EXERCISE:
Nothing but the lines below from the one containing "2022年12月15日泉州市主要食品市场价格监测原始数据旬报审核表" through the one containing "泥性:感甜嫩綿密,質(zhì" should appear in the answer, exact and without pictures.

SOURCE MATERIAL:
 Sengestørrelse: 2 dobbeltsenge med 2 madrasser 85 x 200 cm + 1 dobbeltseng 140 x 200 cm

--

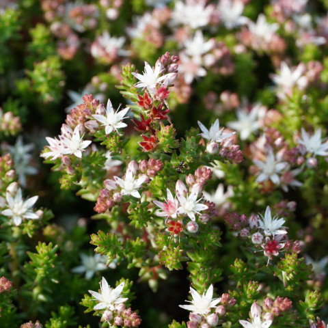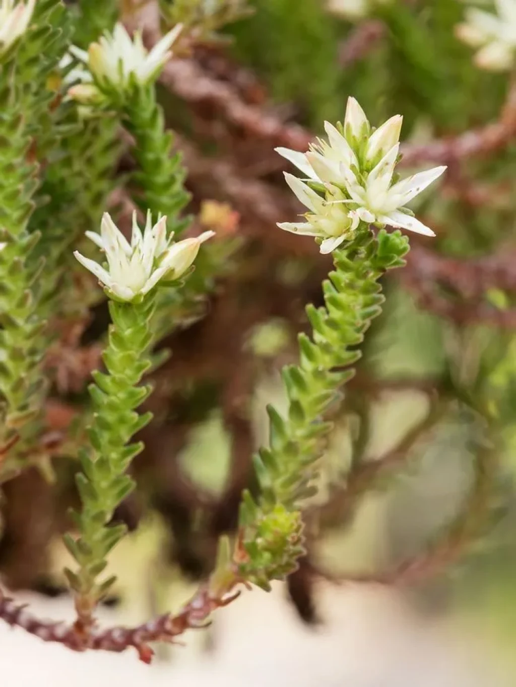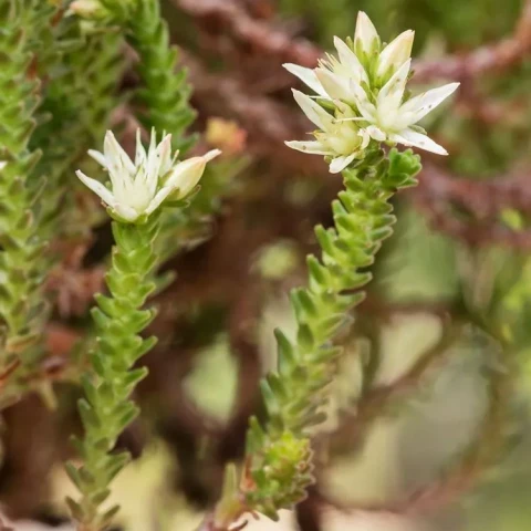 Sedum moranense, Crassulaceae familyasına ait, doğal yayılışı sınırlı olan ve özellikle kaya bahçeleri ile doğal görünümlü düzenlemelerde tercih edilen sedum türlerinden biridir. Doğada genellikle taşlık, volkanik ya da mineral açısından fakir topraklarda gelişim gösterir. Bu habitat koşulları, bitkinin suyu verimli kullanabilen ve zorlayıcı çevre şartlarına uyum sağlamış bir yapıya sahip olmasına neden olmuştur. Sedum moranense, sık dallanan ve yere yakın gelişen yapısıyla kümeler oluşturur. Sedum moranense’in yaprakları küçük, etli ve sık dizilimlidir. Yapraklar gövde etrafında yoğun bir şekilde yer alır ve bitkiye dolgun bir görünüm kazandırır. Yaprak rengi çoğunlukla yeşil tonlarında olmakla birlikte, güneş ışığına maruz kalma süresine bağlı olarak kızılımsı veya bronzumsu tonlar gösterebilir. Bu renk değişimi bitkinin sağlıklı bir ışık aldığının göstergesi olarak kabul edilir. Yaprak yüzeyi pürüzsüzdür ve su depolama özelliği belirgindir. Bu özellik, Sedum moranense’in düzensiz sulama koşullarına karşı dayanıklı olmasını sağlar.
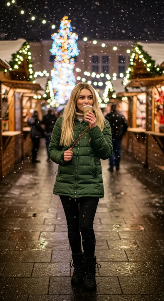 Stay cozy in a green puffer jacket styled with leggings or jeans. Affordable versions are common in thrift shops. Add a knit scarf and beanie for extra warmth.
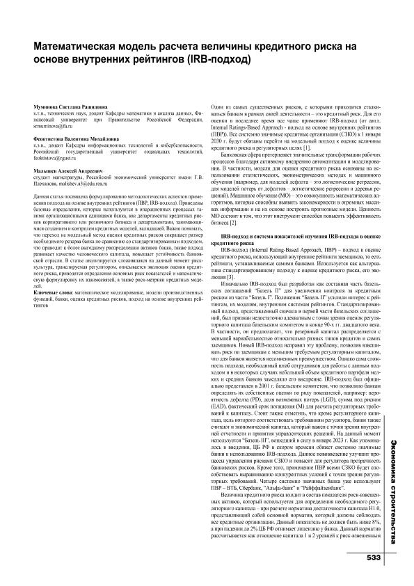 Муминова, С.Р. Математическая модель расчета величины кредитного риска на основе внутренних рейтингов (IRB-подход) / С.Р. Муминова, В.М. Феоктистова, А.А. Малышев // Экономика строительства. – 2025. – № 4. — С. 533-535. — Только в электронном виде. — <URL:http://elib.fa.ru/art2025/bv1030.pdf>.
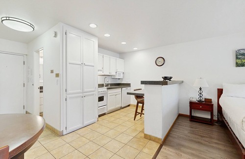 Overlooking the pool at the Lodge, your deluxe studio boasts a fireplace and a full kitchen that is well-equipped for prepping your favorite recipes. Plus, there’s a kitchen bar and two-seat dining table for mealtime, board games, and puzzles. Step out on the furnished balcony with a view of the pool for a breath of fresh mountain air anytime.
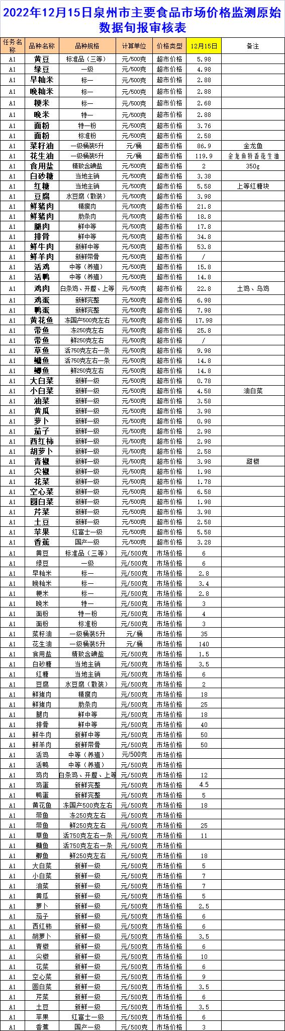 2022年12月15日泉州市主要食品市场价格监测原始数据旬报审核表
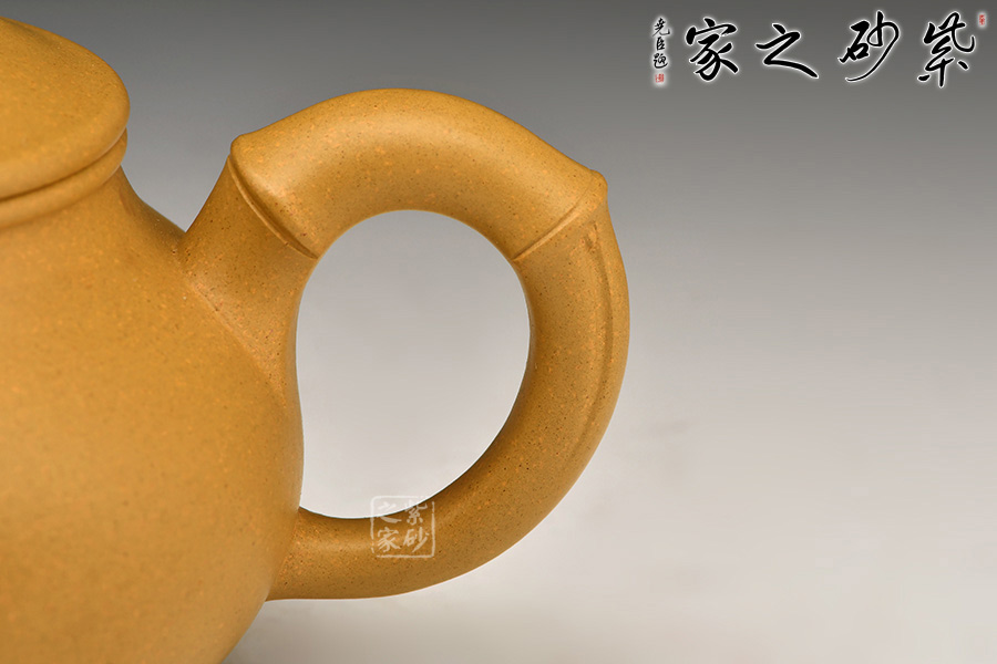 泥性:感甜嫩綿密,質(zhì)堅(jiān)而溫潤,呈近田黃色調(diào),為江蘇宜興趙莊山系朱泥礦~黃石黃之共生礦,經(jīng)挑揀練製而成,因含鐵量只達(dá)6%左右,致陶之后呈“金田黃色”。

ANSWER FOR THIS EXERCISE:
 2022年12月15日泉州市主要食品市场价格监测原始数据旬报审核表
 泥性:感甜嫩綿密,質(zhì)堅(jiān)而溫潤,呈近田黃色調(diào),為江蘇宜興趙莊山系朱泥礦~黃石黃之共生礦,經(jīng)挑揀練製而成,因含鐵量只達(dá)6%左右,致陶之后呈“金田黃色”。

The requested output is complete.